HDC methods on MoleculeNet
To our knowledge, MoleHD33 is the only known previously published HDC approach for molecular property prediction in general. MoleHD uses an encoding of the SMILES string that is built upon the byte-pair encoding algorithm that accounts for atoms as cohesive structures and is trained using ChEMBL67,68. MoleHD collects the unique tokens collected by the SmilesPair Encoding algorithm67 and maps these tokens to unique, quasi-orthogonal vectors of high dimension (e.g. 10,000). MoleHD also considers n-gram encoding methods, however the SPE method appears to produce the best overall method which we base our implementation on and our comparison. Results for all of the discussed models are compared to our proposed HDBind (HDB) approaches that consider two state-of-the-art self-supervised pretraining frameworks, MoLFormer10 and MolCLR9 and the well studied Extended Connectivity Fingerprint (ECFP)32 which incorporates substructure information derived directly from the molecular graph and its atom types and connectivity. Our hypothesis is that the explicit graph representation considered by the ECFP algorithm32 provides coherent substructure information (i.e. each ECFP bit corresponds to a valid molecular subgraph) that is crucial to identify in molecular property classification tasks49. Further, our hypothesis for large scale pretraining methods is that the random projection will preserve the structure of the original data in a randomly selected high dimensional space, with low required precision, allowing for extremely large vectors to be stored. Previous work has demonstrated the utility of these pre-trained representations in a variety of molecular property classification tasks, which we expect will benefit our proposed encoding approaches.
MoleculeNet classification results
Our results are given for 6 binary classification tasks in Table 1. We give results for HDC models with hypervector dimensionality \(D=10,000\), as increasing the dimensionality to larger sizes (e.g. \(1e^5, 1e^6\)) tends to yield marginal improvement at best on most tasks considered. Our results suggest that the best overall HDC model is HDB-MoLFormer, which is based upon the representation extracted from MoLFormer9 that is then randomly projected to the HDC representation. HDB-MoLFormer and is best in three of the 6 tasks among the HDC methods that we consider. The HDB-DECFP, which simply uses the representation generated directly from the ECFP algorithm32, achieves competitive performance with HDB-MoLFormer on nearly each of the six tasks, while exceeding HDB-MoLFormer on three of six tasks though it is best only on the SIDER dataset. HDB-DECFP does not require the GPU for encoding the data into hypervectors, as opposed to our random projection-based approaches, allowing for significant energy savings (Table 2). Additionally, HDB-MoLFormer achieves SOA on two of the six tasks (BBBP, ClinTox) even when compared with the fine-tuned MoLFormer-XL9, demonstrating the ability of the approach to preserve learned substructure information provided by the more expensive pretraining. The HDB-Combo model, which combines the MoLFormer and DECFP representations (Fig. 1) achieves generally high performance five of the six tasks (BBBP, Tox21, ClinTox, HIV, and SIDER) though it fails to achieve the best overall performance on any task. Our results further show that increasing the hypervector dimension fails to significantly increase the performance of the HDB-Combo model further on the MoleculeNet classification benchmarks (SI Table S3, SI Figures S1–S6).
LIT-PCBA
Boxenplots of the \(\text {ER-}1\%\) roc-enrichment metric for HDBind models we present on the AVE split of the LIT-PCBA dataset. The red dashed line refers to the mean previously reported best overall (re-scoring) method on LIT-PCBA, GRIM58,69. The dark red dotted dash line represents the previously reported Pafnucy 3D-CNN result on LIT-PCBA58,70. The dotted red line denotes the mean \(\text {ER-}1\%\) metric for our MLP baseline. The purple dashed line denotes our logistic regression baseline. For both Pafnucy and GRIM, we report the mean \(\text {ER-}1\%\) over all 15 protein targets. For our MLP and logistic regression baselines, we report the mean over all 15 datasets and 10 random seeds. Additional sample sizes are included in SI Figures S11–S15.

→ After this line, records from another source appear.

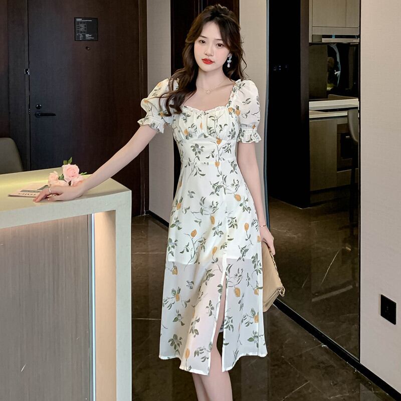 フランスの優しいティーブレイクベルフラワーウエストフローラルドレス2022新しい女性の夏のパフスリーブスプリットロングスカート サマー 夏物 花柄 フラワーデザイン yingd55808256330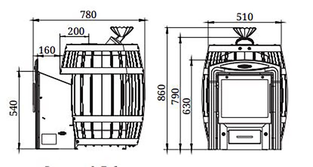 Вместительная каменная закладка (во внутреннюю каменку помещается 30 кг камней, а во внешнюю каменку - 120 кг) обеспечивает качественное парообразование, имеет значительные теплоаккумулирующие свойства и исключает жесткое инфракрасное излучение от стенок топки. Большая площадь поверхностей нагрева позволяет быстро прогреть большой объем каменной закладки и обеспечивает стабильность температуры в парилке.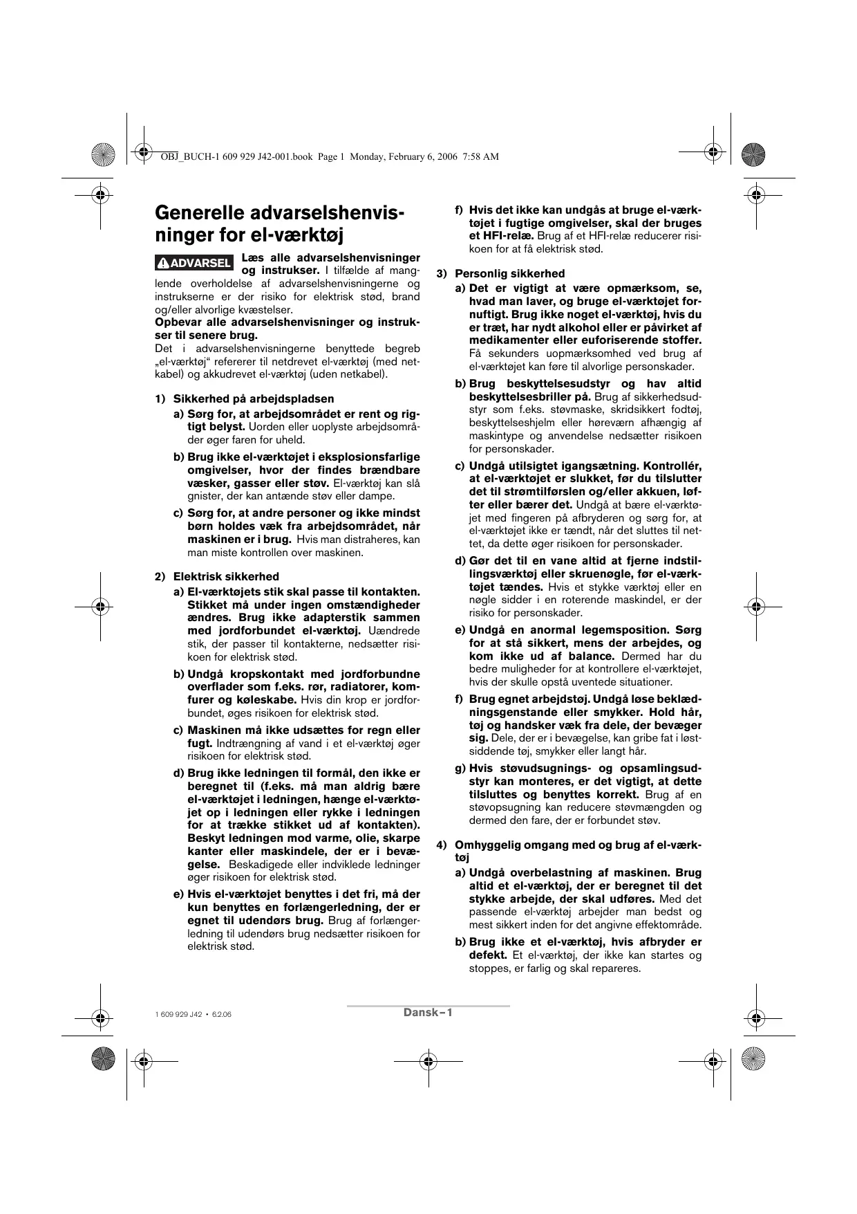 a) Undgå overbelastning af maskinen. Brug altid et el-værktøj, der er beregnet til det stykke arbejde, der skal udføres. Med det passende el-værktøj arbejder man bedst og mest sikkert inden for det angivne effektområde. Dansk–1 b) Brug ikke et el-værktøj, hvis afbryder er defekt. Et el-værktøj, der ikke kan startes og stoppes, er farlig og skal repareres. OBJ_BUCH-1 609 929 J42-001.book Page 2 Monday, February 6, 2006 7:58 AM c) Træk stikket ud af stikkontakten og/eller fjern akkuen, inden maskinen indstilles, der skiftes tilbehørsdele, eller maskinen lægges fra. Disse sikkerhedsforanstaltninger forhindrer utilsigtet start af el-værktøjet. d) Opbevar ubenyttet el-værktøj uden for børns rækkevidde. Lad aldrig personer, der ikke er fortrolige med maskinen eller ikke har gennemlæst disse instrukser, benytte maskinen. El-værktøj er farligt, hvis det benyttes af ukyndige personer. e) El-værktøjet bør vedligeholdes omhyggeligt. Kontroller, om bevægelige maskindele fungerer korrekt og ikke sidder fast, og om delene er brækket eller beskadiget, således at el-værktøjets funktion påvirkes. Få beskadigede dele repareret, inden maskinen tages i brug. Mange uheld skyldes dårligt vedligeholdte el-værktøjer. f) Sørg for, at skæreværktøjer er skarpe og rene. Omhyggeligt vedligeholdte skæreværktøjer med skarpe skærekanter sætter sig ikke så hurtigt fast og er nemmere at føre. g) Brug el-værktøj, tilbehør, indsatsværktøj osv. iht. disse instrukser. Tag hensyn til arbejdsforholdene og det arbejde, der skal udføres. Anvendelse af el-værktøjet til formål, som ligger uden for det fastsatte anvendelsesområde, kan føre til farlige situationer.

Virtual molecular lead identification
The problem of virtual screening requires the specification of a scoring function that is applied to each of the candidate molecules, then these molecules are ranked accordingly then a filtered set above some threshold of the scoring function is selected for further processing with progressively more accurate but expensive algorithms. Scoring functions that approximate the experimental binding activity can be roughly divided into those that rely upon physics theory, machine learning, or some combination of the two54,71,72,73,74,75. A general workflow then first applies faster but less accurate docking methods, followed by more expensive and accurate calculations based on MM/GBSA or MD simulations74. Physics-based methods such as molecular docking76,77 are generally believed to be on the “fast” end of the spectrum of accuracy versus latency. More accurate methods including molecular mechanics/generalized Born surface area (MM/GBSA),78,79 which provides a more accurate binding energy calculation for a given docking pose, or binding free-energy calculations based upon intensive atomistic molecular dynamics (MD) simulations, are infeasible to run for even a relatively small number of candidate possibilities77,80. Benchmark datasets have long been used to validate a scoring function’s ability to distinguish active versus inactive molecules for a given protein target55,81. Recent research has identified limitations that have made these datasets trivial to learn thus overestimating the expected generalization performance when applied to real-world datasets34,58,82,83,84,85. The recently proposed LIT-PCBA34 benchmark dataset is derived from high-confidence PubChem assay data (7761 actives and 382,674 unique inactives, 1:50 class ratio) and provides a rigorous test set constructed using the Atomwise-developed AVE (asymmetric validation embedding) bias-minimizing algorithm58,86. We additionally use a random stratified split of each protein-target specific dataset as a control with a 75%/25% train/test split ratio. To our knowledge, this represents the first demonstration of an HDC approach on a dataset of experimentally determined binding measurements of this scale of 100s of thousands33.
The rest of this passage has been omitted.